Afterward, Wolverine attempts to kill Mikel as well as to avenge Nanjiwarra but Nick stops him by revealing that Nanjiwarra was the person who leaked the information to D'Alexis and her allies because he had been the victim of racism in S.H.I.E.L.D. Even though they had put a stop to it the damage was already done and Nanjiwarra betrayed them. In the end Nick decides to attempt to help his son recover from his lifetime of brainwashing and Wolverine wishes him luck.

==Collected editions==
The Scorpio Connection has been reprinted in the following trade paperbacks:

| Title | Material collected | Publication date | ISBN |
|---|---|---|---|
| Wolverine & Nick Fury: Scorpio | Wolverine/Nick Fury: The Scorpio Connection Wolverine: Bloody Choices Wolverine/Nick Fury: Scorpio Rising | April 4, 2012 | 978-0785153481 |
| Wolverine Epic Collection Vol. 2 - Back to Basics | Wolverine (vol. 2) #17–30; Wolverine/Nick Fury: The Scorpio Connection; Wolverine: The Jungle Adventure | March 2019 | 978-1302916091 |

==Reception==
Andrew Young of Geek Hard placed the story as one of the best Nick Fury stories ever. Young stated that the story took the "team up" dynamic and made it enjoyable again. He also stated that the story transcends the trappings of its genre and gives the reader a smart mystery that slowly unravels around the characters. He also stated that it was arguably one of Goodwin's best tales and probably the finest work from Chaykin. He finished by saying that the plot holds up even with its soap opera-like conclusion and that it was lightning in a bottle as attempts to recreate this dynamic with these characters have never resulted in great success in his opinion.

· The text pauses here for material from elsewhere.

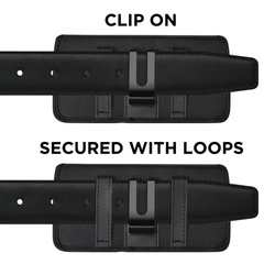Wykonany z trwałego, odpornego na zużycie nylonu, zapewnia doskonałą ochronę przed uszkodzeniami, zabrudzeniami i wilgocią. Miękka wyściółka wewnętrzna chroni ekran i obudowę przed zarysowaniami, a elastyczne boczne panele umożliwiają dopasowanie wnętrza do grubości telefonu. Etui wyposażono w metalowy klips i szlufki na pasek, które pozwalają na wygodne noszenie pokrowca w pozycji poziomej. Mocne zapięcie na rzep (velcro) skutecznie zapobiega przypadkowemu otwarciu i wypadnięciu urządzenia, zapewniając bezpieczeństwo nawet podczas intensywnego ruchu.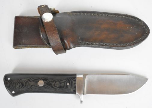 Rory Conner Irish hunting knife with composite grips and signed 10cm steel blade, in leather sheath. PLEASE NOTE: WE ARE NOT ABLE TO OFFER OUR USUAL POSTAGE SERVICE FOR THIS LOT

Win Wiacek of Now Read This described the book as less than the sum of its parts but stated that it was still immensely readable. A reviewer from Alien Bee Entertainment stated that Goodwin weaved a surprisingly mature tale of two men whose pasts have come back to haunt them and that the story moved at a brisk pace, and that when it came to the action, Goodwin did not hold the characters back. He said that Chaykin conveyed the action and the scenes of conversation with equal appeal.

Marc Buxton of Den of Geek stated that the book is an almost forgotten gem, and that people should be rediscovering it. The book was ranked 25 on Diamonds sales from trades in February 1995.